This Little Room of Regret
A Christmas evening. This is a Christmas party, and I
am having fun.
Fun. No, no, no. Fun! Okay, more
like it. But we can do better. FUN! Yes. Yes! That's it. FUUUUN!
Music blaring. Chattering around. Party noises abound.
This is fun. No, no, no. Fun! FUN! Yes.
As I stumbled around the corridor, the floor all around me
warped in weird angles like buildings in a place that shouldn't exist. The walls shifted, seeming to
collapse toward me yet at the same time pulling away from me. The floor I walked
on stretched down into hell, angling this way and that way like a ship cresting
violent rogue waves, sending me crashing against the moving walls before then
sending me crashing against the other walls as if playing a twisted game of
ping pong with my wasted body.
Up ahead, the corridor stretched endlessly in front of me,
twisting into these endless hallways, hallways through which my blurred eyes
could see around the corners until the end of time.
Two figures walked up toward me, and through my hazy eyes, I could see that they were not like people. Their limbs were unnaturally long and their frames inhumanely thin. As they neared, their faces, oh, their ugly, gaunt and ghostly faces, were stretched downward, as if being pulled down by a very strong force, looking like they were melting, like the mask from Scream. Their red eyes, looking like drooping red poppies, were looking at me, and their mouths moved up and down, as if they were trying desperately to say something, to say something human. They looked like they were long dead and were still not aware of it.
I looked away, straight ahead, and tried to ignore them as they passed. But they stopped just as I approached. I heard the sounds that their mouths were making. What haunting, nasty sounds of demons was that? Their voices were eerie and drawn out, as though they were speaking in warped time, their words drawn out and sounding horrific.
“Aaaaaareeeee youuuuuu ooooookaaaaaaaaaaaaaa –
The okay dragged on ceaselessly. One of them stretched those
thin, corpse-like fingers toward me. I pulled back, disgusted, and
staggered away from these shadowy creatures as fast as my feeble feet could carry me and stumbled further down the shifting
walls and unstable floor that moved like liquid under my feet.

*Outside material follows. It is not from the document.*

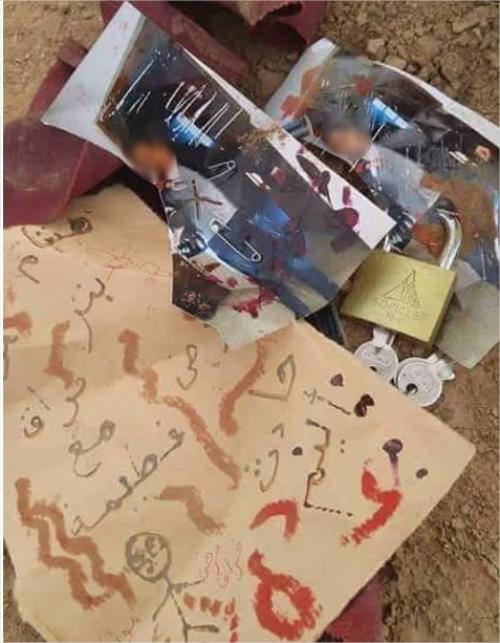 وحسب ما تناقل على مواقع التواصل الاجتماعي ان سيدة داخل احد الصالات قامت برش 'سحر على العريس حيث تم التبليغ عنها والعثور داخل حقيبتها على صور لشبان .

Finally, I saw it. The door to salvation appeared in front
of me like a savior.
Another of these tall, elfin creatures walked out of the
door and began walking my way. I looked straight ahead and avoided looking at
its melting face and stretched out eyes that looked stuck in perpetual horror.
This paid me no heed, passing by me without as much as a glance.
I stumbled into the room and closed the door behind me.
The lighting in this room was punishing, a blinding white
light from the buzzing fluorescent, far removed from the moody blue and red
lighting that was in the rest of the house. I didn’t even know whose house this
was. All I knew was that this was a Christmas party that I had somehow stumbled
into and that I was having fun.
Fun. Fuck no. Fun! Okay more –
FUN!
Yes! Moore!
FUUUN!
Oh yeeees!
But first, I needed to throw up to get rid of the nausea that was overtaking me.
I walked into this room, whose walls were filled with cracks that peeled in places, exposing the red brick underneath. They had
faded into this rancid-looking off-white color, musty and moldy, reeking of neglect. I stumbled through the wet, sticky floor, which shifted
this way and that way like the rest of the floors, kicking red tumblers and
used condoms out of the way as I lurched forward toward the toilet.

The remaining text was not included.